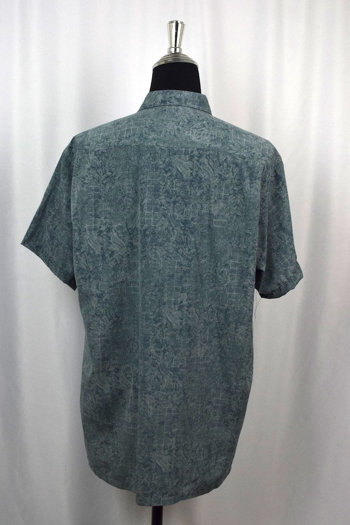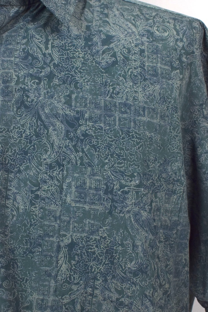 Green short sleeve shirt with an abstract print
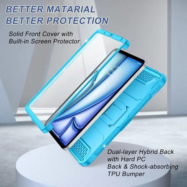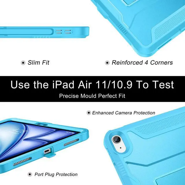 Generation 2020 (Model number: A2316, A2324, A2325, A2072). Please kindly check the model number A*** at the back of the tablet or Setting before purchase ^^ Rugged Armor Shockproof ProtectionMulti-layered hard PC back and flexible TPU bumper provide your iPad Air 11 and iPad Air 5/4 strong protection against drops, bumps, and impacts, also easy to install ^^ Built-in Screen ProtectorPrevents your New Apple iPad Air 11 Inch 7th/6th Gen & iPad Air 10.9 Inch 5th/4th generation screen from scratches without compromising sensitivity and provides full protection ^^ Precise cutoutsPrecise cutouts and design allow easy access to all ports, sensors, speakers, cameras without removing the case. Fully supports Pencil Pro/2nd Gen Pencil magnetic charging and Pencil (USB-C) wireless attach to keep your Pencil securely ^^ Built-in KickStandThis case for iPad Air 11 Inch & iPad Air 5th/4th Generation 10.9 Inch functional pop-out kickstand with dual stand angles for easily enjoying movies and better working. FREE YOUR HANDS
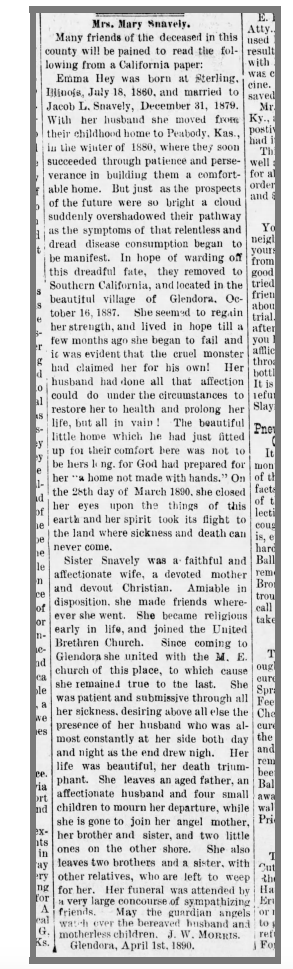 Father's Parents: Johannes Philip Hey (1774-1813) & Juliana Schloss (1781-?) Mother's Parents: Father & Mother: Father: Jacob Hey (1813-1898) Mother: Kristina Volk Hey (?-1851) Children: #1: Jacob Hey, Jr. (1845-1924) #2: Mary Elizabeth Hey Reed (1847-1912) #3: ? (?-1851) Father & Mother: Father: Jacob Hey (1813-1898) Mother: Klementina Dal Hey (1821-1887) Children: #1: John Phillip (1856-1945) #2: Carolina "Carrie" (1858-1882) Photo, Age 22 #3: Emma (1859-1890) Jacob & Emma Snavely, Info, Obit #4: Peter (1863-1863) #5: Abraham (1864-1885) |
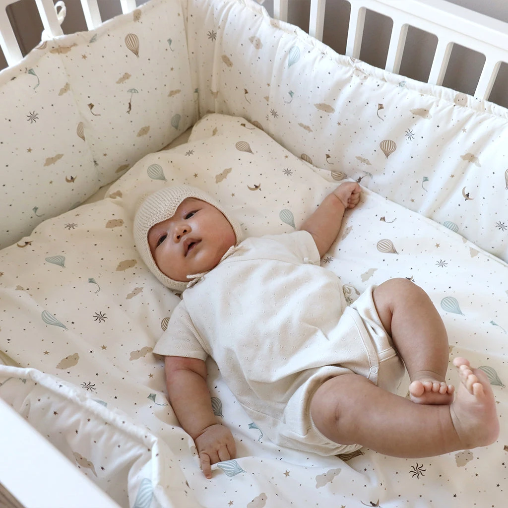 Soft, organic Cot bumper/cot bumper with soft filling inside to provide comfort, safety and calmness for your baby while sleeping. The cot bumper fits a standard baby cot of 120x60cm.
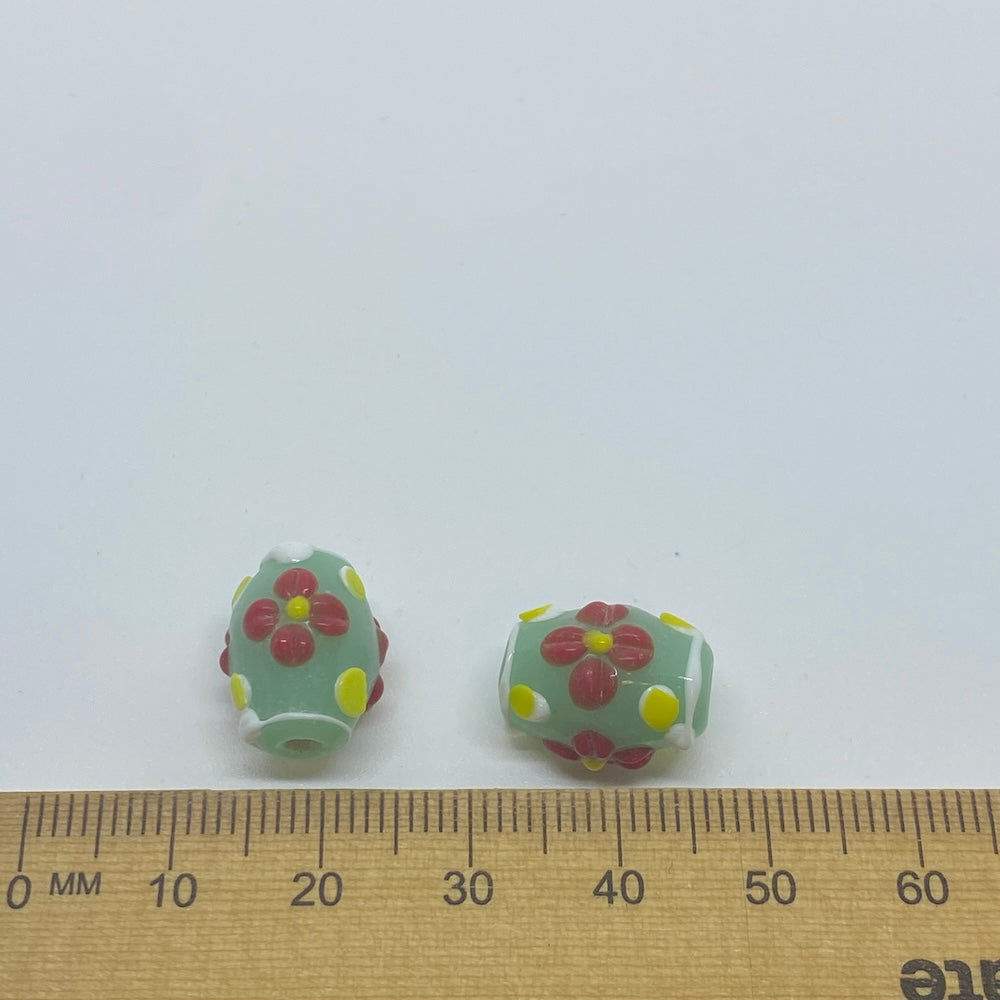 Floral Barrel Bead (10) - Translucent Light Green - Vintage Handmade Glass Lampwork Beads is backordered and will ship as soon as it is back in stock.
---
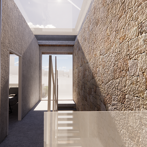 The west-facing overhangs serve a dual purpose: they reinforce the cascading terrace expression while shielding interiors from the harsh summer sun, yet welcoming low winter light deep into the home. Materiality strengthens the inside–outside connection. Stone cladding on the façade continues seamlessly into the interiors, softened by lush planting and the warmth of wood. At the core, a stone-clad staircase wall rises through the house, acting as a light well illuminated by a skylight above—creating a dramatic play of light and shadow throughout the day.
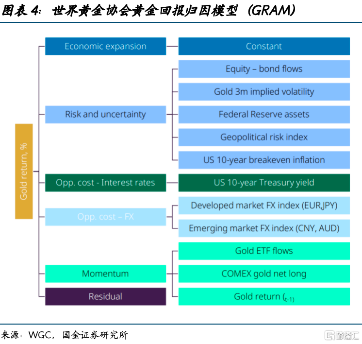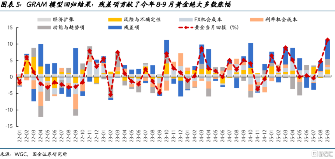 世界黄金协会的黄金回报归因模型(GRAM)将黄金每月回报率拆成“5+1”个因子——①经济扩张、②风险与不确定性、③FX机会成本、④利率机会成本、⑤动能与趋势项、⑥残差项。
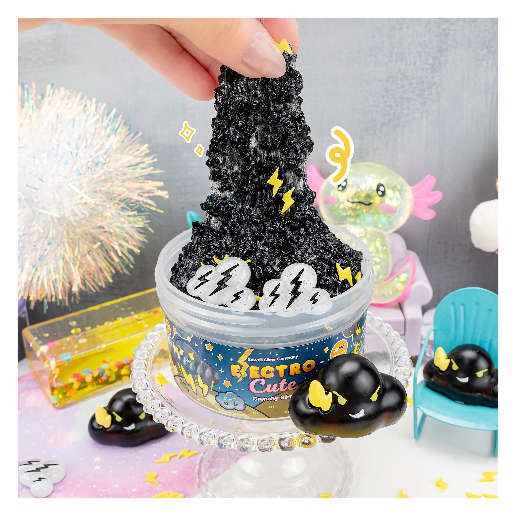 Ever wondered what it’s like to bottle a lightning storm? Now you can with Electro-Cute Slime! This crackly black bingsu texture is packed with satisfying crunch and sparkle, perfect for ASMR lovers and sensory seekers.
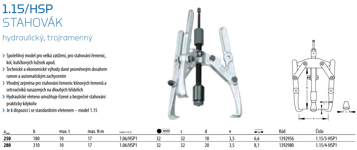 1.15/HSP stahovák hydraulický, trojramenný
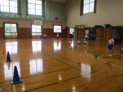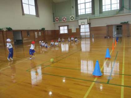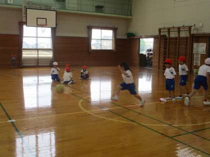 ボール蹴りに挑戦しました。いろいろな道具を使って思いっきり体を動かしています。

> _YOUR GOAL_
In the data above, find the line with "Ever wondered what" and the line with "ボール蹴りに挑戦しました。いろいろな道具を使って思いっきり体を動かしています。". Please copy exactly those two lines and every line between them, but not the pictures.

> _TASK ANSWER_
 Ever wondered what it’s like to bottle a lightning storm? Now you can with Electro-Cute Slime! This crackly black bingsu texture is packed with satisfying crunch and sparkle, perfect for ASMR lovers and sensory seekers.
 1.15/HSP stahovák hydraulický, trojramenný
 ボール蹴りに挑戦しました。いろいろな道具を使って思いっきり体を動かしています。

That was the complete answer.